Progress Reports:

Under “Recent Posts” (both written and oral progress reports are updated).

Updated Gantt Chart

For March-April 2017:

Different Options Considered:

We have been delving deeper into different pressure measuring mechanisms and assessing their feasibility for our project. The following have been considered:
a. Piezoelectric pressure sensors: Ruled out due to high drift and low sensitivity to changes occuring over long periods of time, which is the case of ICP.
b.
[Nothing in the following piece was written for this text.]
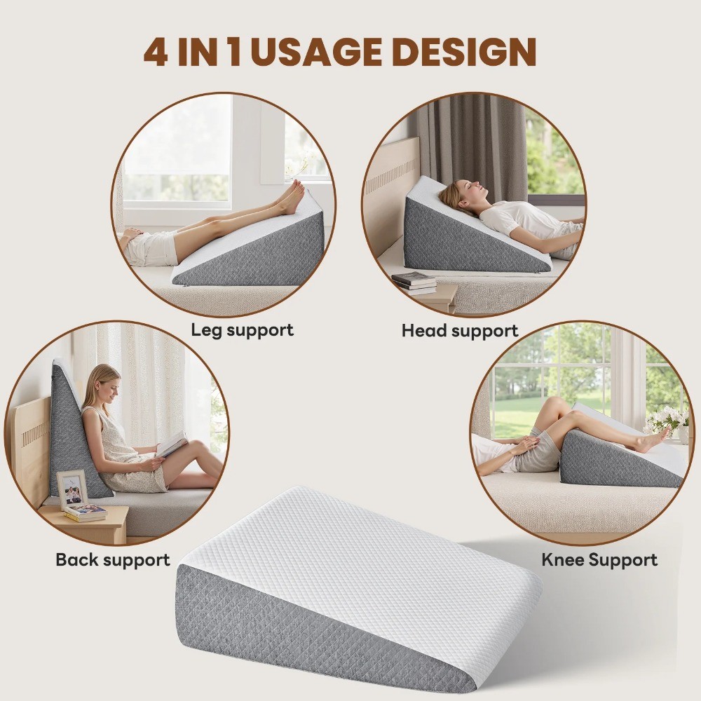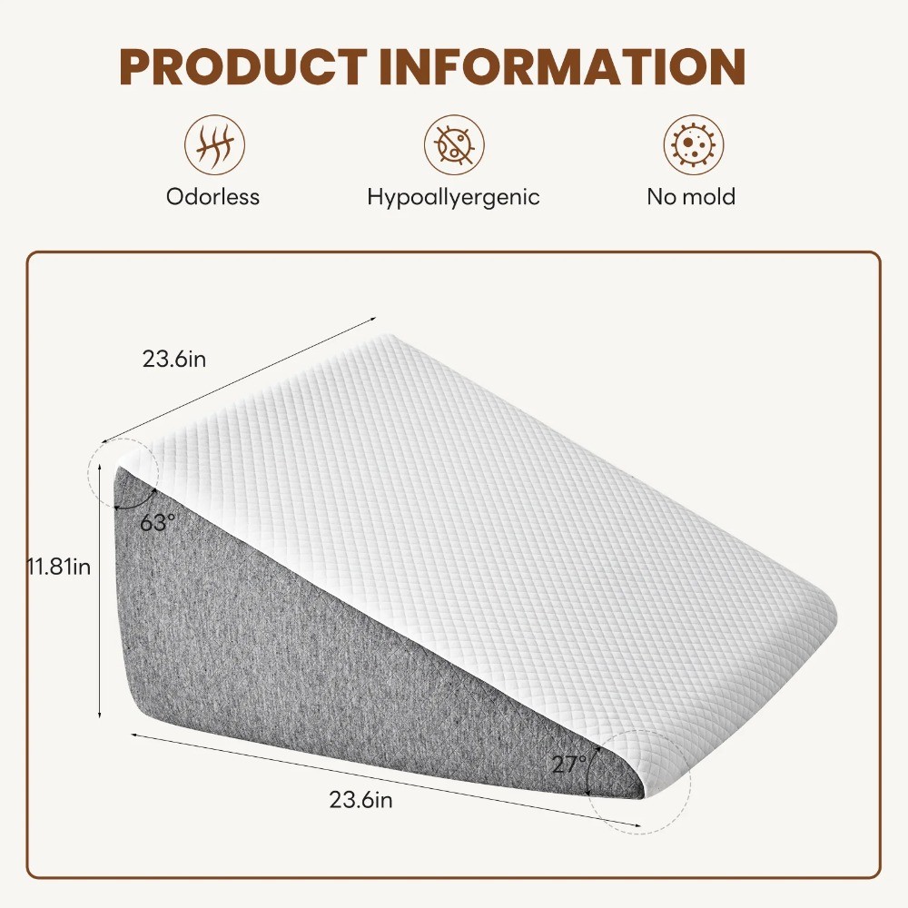 как выглядит Memory Foam Bed Wedge for Snoring Leg Elevation, White Gray, 23.6 23.6 12in фото

Intraocular MEMS based pressure sensors: Ruled out as there is no practical way to communicated the detected pressure changes.
c. Fiberoptic sensors: These show great promise in literature and have been encouraged by both Dr. Feldman and Dr. Miga. We have reached out to Opsens to find out about commercially available sensors.
d. Strain gauge sensors: These have been encouraged by Dr. Miga. We are trying to find commerical information and will order some to test out soon.

Finalized Shunt Design:

The use of strain gauges in order to detect differential pressure between the brain and the shunt has been decided upon in order to detect proximal failure. If there is proximal failure, there will be differential pressure between the two fluids. If there is no proximal failure, there will be no differential pressure. The differential pressure will be detected by the strain gauge and communicated to an external smartphone via Near Field Communication.

Shunt Design Diagram:

Testing Results & Plan:

1. Since our design involves covering up 4 holes in the shunt’s proximal tip to make the PDMS window, we wanted to check whether this would affect CSF flow into the shunt. We tested this using a CSF simulant (saline+albumen) and clogging different number of holes using parafilm. We did not find a significant decrease in flow rate when covering up to half of the holes.
2. The next testing step is calibrating the strain gauge’s voltage output to the applied differential pressure. Using a similar set-up as in flow testing, we will embed the strain gauge in a water column on a PDMS stage and change the water column height (calibrated to physiological pressure in mmHg), recording the voltage output for different pressures applied. We have run into some obstacles (op-amps blowed up), but are hoping to have this data soon.